The significant relationships between OLAP features and PEU and PU for MOLAP and ROLAP systems are shown in Figures 2 and 3, respectively. All features (except Query function) of ROLAP are perceived as useful. On the contrary, only two features (Visualization and Summarization) of MOLAP are perceived to be useful. Furthermore, in a ROLAP system, PEU is significantly related to PU; thus, when the ROLAP features are perceived as easy to use and user-friendly, it positively impacted the usefulness of ROLAP.

The visualization feature has a positive effect on ease of use with ROLAP software, while it has a negative effect on ease of use with MOLAP. Visualization features are less prevalent in ROLAP, so any improvements in visualization with help of graphical user interfaces and help menus aided ease of use in ROLAP. On the other hand, MOLAP systems usually have adequate visualization effects. Cognos' MOLAP system, PowerPlay, presents data to users in a variety of modes, such as cross-tabs, pie charts, and graphs using Visualizer technology. In addition, users can change various visualization effects, such as, colors, formats, fonts, and so forth. It is possible that excessive presence of visualization effects in MOLAP could confuse users, resulting in a negative relationship with PEU. The visualization features of ROLAP and MOLAP have positive significant effects on the usefulness of the OLAP tools.

The summarization feature has a positive significant relationship with both PEU and PU in ROLAP and MOLAP. This implies that with increasing number of permissible detail-levels and flexibility in swapping between levels, the use of OLAP will improve.

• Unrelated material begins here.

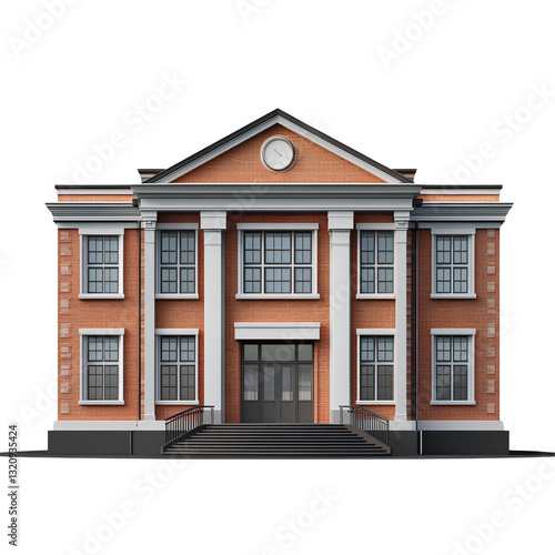 A photorealistic illustration of an exterior view of a two-story brick school building, 3D rendering isolated on Transparent background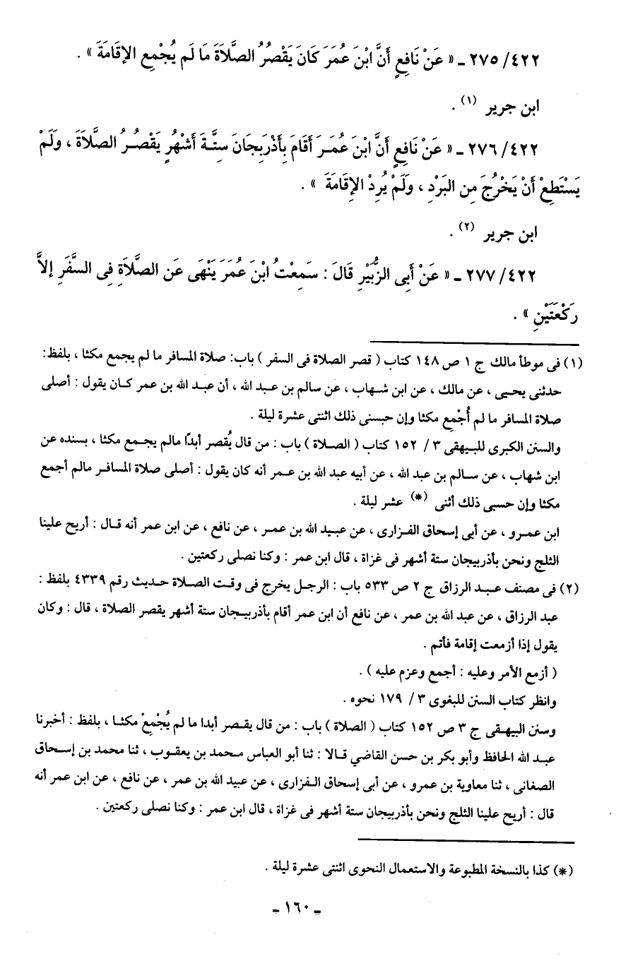 422/ 275 - " عَنْ نَافِعٍ أَنَّ ابْنَ عُمَرَ كَانَ يَقْصُرُ الصَّلاَةَ مَا لَم يُجْمِع الإقَامَةَ ".

The data navigation feature has a significant positive effect on PEU in MOLAP. Since there are only limited levels available for drill-down and slice-dice, MOLAP allowed users to navigate easily. This limitation of MOLAP resulted in a nonsignificant relationship with PU. The situation is the reverse for ROLAP. The Mercury of Business Objects, a ROLAP system, lets the users define their own dimensions, lets them perform queries at various levels of detail, and offers various reporting facilities. Since these flexible navigation facilities (real-time data access, detail data extraction, or drill-down) are possible for ROLAP, this feature has a positive effect on PU.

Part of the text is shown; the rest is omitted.